Exercise goal =
Word for word, restate the entries below and exclude every image.

The data =
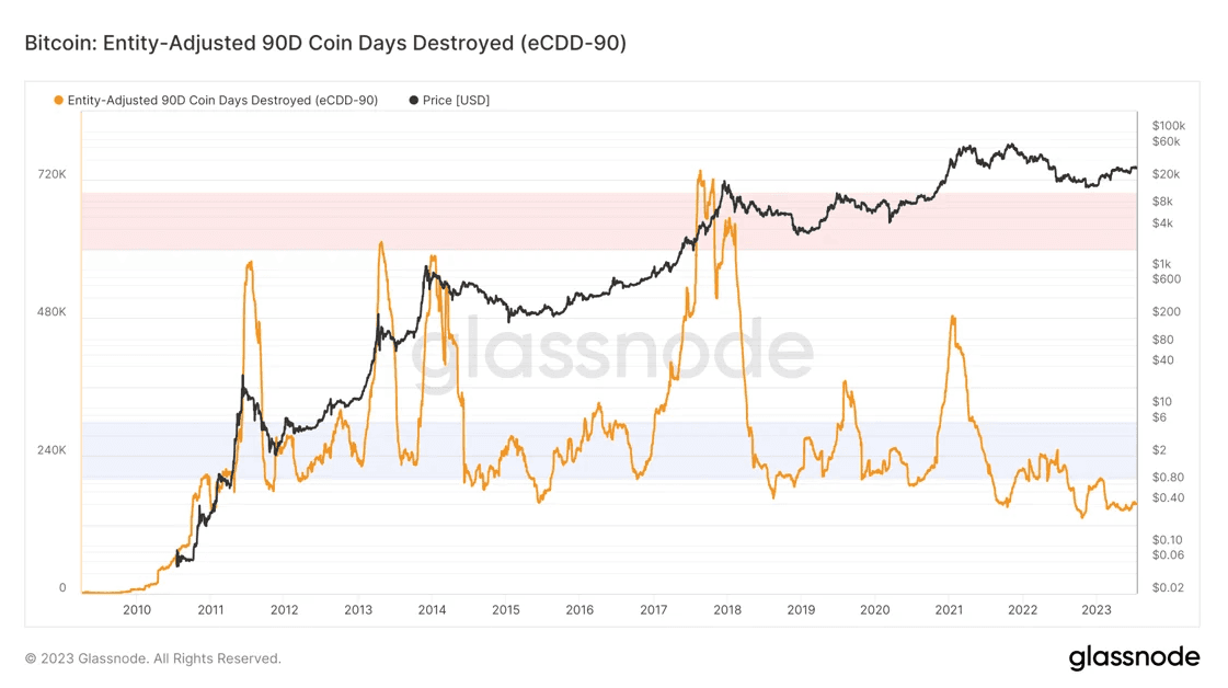 Another interesting metric we can derive from the bitcoin blockchain is a concept of “coin days”, where 1 BTC will generate one “coin day” after not being spent for a full day. This follows true for any number of coins held for any number of days, with the product of the two generating the total amount of coin days aggregated. In our case, we find it useful to look at how many coin days have been destroyed over the recent period, which a 90-day rolling sum shows is near historic lows.
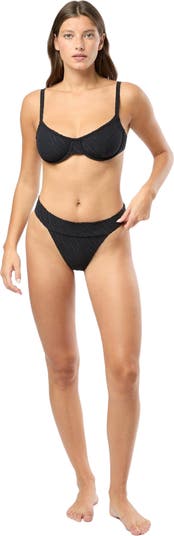 Distinguished by a mid-rise with a wide waistband, the Karina Bikini Bottom sits lower on the hips for flattering coverage. It’s made in our solid tricot swim fabric for superior resilience and a smooth fit, complete with a high-cut leg to elongate your frame.
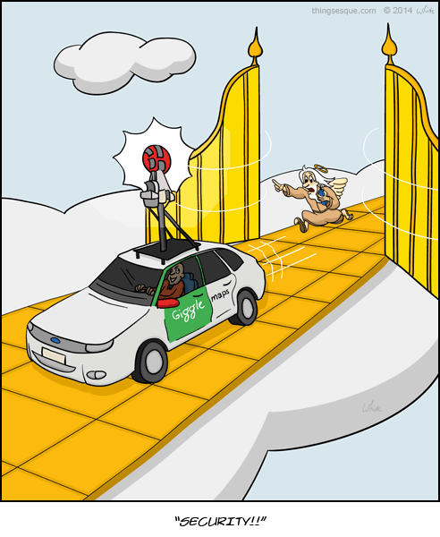 A Street View car bursts through the pearly gates of heaven to photograph the streets of gold. St. Peter chases behind, calling for back up on his walkie talkie.
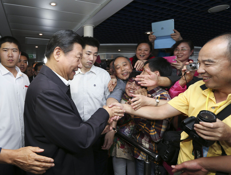 2014年11月1日上午,习近平在平潭海峡高速客运码头登上“海峡号”客轮与赴台的两岸旅客握手交流。新华社记者 兰红光 摄
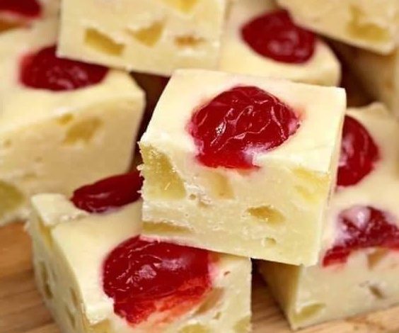 Enjoy your creamy pineapple and cherry squares! This dessert is perfect for a sweet treat or a party snack.

Answer section =
 Another interesting metric we can derive from the bitcoin blockchain is a concept of “coin days”, where 1 BTC will generate one “coin day” after not being spent for a full day. This follows true for any number of coins held for any number of days, with the product of the two generating the total amount of coin days aggregated. In our case, we find it useful to look at how many coin days have been destroyed over the recent period, which a 90-day rolling sum shows is near historic lows.
 Distinguished by a mid-rise with a wide waistband, the Karina Bikini Bottom sits lower on the hips for flattering coverage. It’s made in our solid tricot swim fabric for superior resilience and a smooth fit, complete with a high-cut leg to elongate your frame.
 A Street View car bursts through the pearly gates of heaven to photograph the streets of gold. St. Peter chases behind, calling for back up on his walkie talkie.
 2014年11月1日上午,习近平在平潭海峡高速客运码头登上“海峡号”客轮与赴台的两岸旅客握手交流。新华社记者 兰红光 摄
 Enjoy your creamy pineapple and cherry squares! This dessert is perfect for a sweet treat or a party snack.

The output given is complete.